O uprawnienia kombatanckie starał się uczestnik tzw. wypadków grudniowych w 1970 r., jednak jego wniosek został odrzucony przez Kierownika Urzędu do Spraw Kombatantów i Osób Represjonowanych. Decyzja Kierownika wynikała z art. 22 ust. 4 ustawy o kombatantach oraz niektórych osobach będących ofiarami represji wojennych i okresu powojennego. Przepis ten ograniczył czasowo możliwość składania takich wniosków; można je było kierować do Urzędu jedynie do 31 grudnia 1999 r.
Urząd w ogóle nie rozpoznał więc sprawy merytorycznie, bo stwierdził, że wniosek został wniesiony po terminie. Inaczej rozpatrzył sprawę wojewódzki sąd administracyjny, który potwierdził istnienie tego terminu, tyle tylko że - zdaniem WSA - miał on dotyczyć przyznania uprawnień kombatanckich. W efekcie Urząd ds. Kombatantów przyjął wniosek, ale umorzył postępowanie wskazując, że podjęcie decyzji stało się bezprzedmiotowe. Obowiązuje bowiem ustawowy termin przyznawania uprawnień kombatanckich do końca 1999 r.
Mężczyzna odwołał się ponownie do WSA, wnosząc - jak pisał - o sprawiedliwy wyrok, ponieważ nie mógł wcześniej starać się o uprawnienia kombatanckie, bo jest biedny i schorowany. Tym razem WSA skierował do Trybunału Konstytucyjnego pytanie prawne o zgodność z konstytucją terminowego ograniczenia w przyznawaniu uprawnień kombatanckich uczestnikom wydarzeń grudniowych z 1970 r.
Trybunał Konstytucyjny potwierdził wątpliwości sądu administracyjnego i orzekł we wtorek o niekonstytucyjności art. 22 ust. 4 ustawy o kombatantach (sygn. akt P 19/10).

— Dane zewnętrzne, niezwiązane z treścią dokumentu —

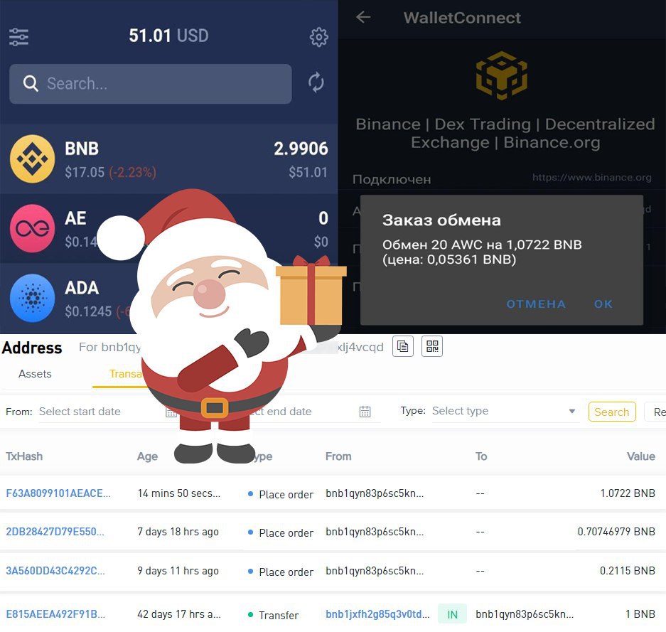 Получается, что чистый профит составил 1,99 BNB (34$ по текущему курсу). Было получено 15 AWC за регистрацию + 25 AWC за рефералов. Кстати, обменять их на BNB можно прямо в кошельке с помощью функции Wallet Connect (операции проводятся через Binance DEX, но по факту монеты не покидают кошелька).

Trybunał zwrócił uwagę na to, że przed 31 lipca 1997 r. nie było ograniczeń terminowych do składania wniosków o potwierdzenie uprawnień kombatanckich. W chwili uchwalenia ustawy, a następnie w momencie jej wejścia w życie, każda osoba, która spełniała wymogi wynikające z ustawy o kombatantach była przeświadczona, że po przedłożeniu odpowiednich dowodów, uzyska uprawnienia kombatanckie - zauważył TK. Wprowadzenie terminu było więc zaskoczeniem - dodał.
Zdaniem Trybunału wprowadzenie bez konkretnego uzasadnienia takich ograniczeń narusza zasadę ochrony zaufania jednostki do państwa i stanowionego przez nie prawa. Możliwość uzyskania uprawnień kombatanckich stała się bowiem iluzoryczna.

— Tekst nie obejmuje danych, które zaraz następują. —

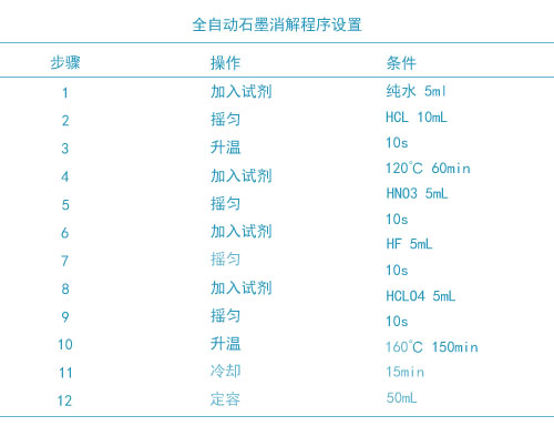 本次試驗(yàn)使用HCl-HNO3-HF-HClO4混合酸消解體系,將土壤中的晶格全部打開(kāi),進(jìn)行全消解。因用酸量較少,只需準(zhǔn)確稱取0.1000-0.2000g左右干燥土壤樣品至特氟龍消解管中,放入全自動(dòng)消解儀石墨孔中,設(shè)置好系統(tǒng)消解方法只需要一鍵啟動(dòng)就可以自動(dòng)加酸、搖勻、加熱消解、趕酸、定容。全自動(dòng)石墨消解儀系統(tǒng)的消解程序及條件見(jiàn)表下面表格。全自動(dòng)消解儀自動(dòng)定容到50mL,每批樣品加做雙份全程序空白。

W dodatku - jak zauważył TK - ustawodawca wprowadził ograniczenie dla jednej z grup osób, które prowadziły działalność zrównaną z działalnością kombatancką. To spowodowało, że powstały dwie kategorie podmiotów: osoby z uprawnieniami wynikającymi z ustawy o kombatantach oraz osoby spełniające przesłanki uzyskania statusu kombatanta albo prowadzące działalność uznaną za równorzędną z działalnością kombatancką, które jednak nie mają uprawnień kombatanckich. Ustawodawca zrobił tak tylko ze względu na to, że w pewnym momencie ograniczył im termin na złożenie wniosku o potwierdzenie uprawnień - podkreślił TK. Jego zdaniem było to złamanie konstytucyjnej zasady równości wobec prawa.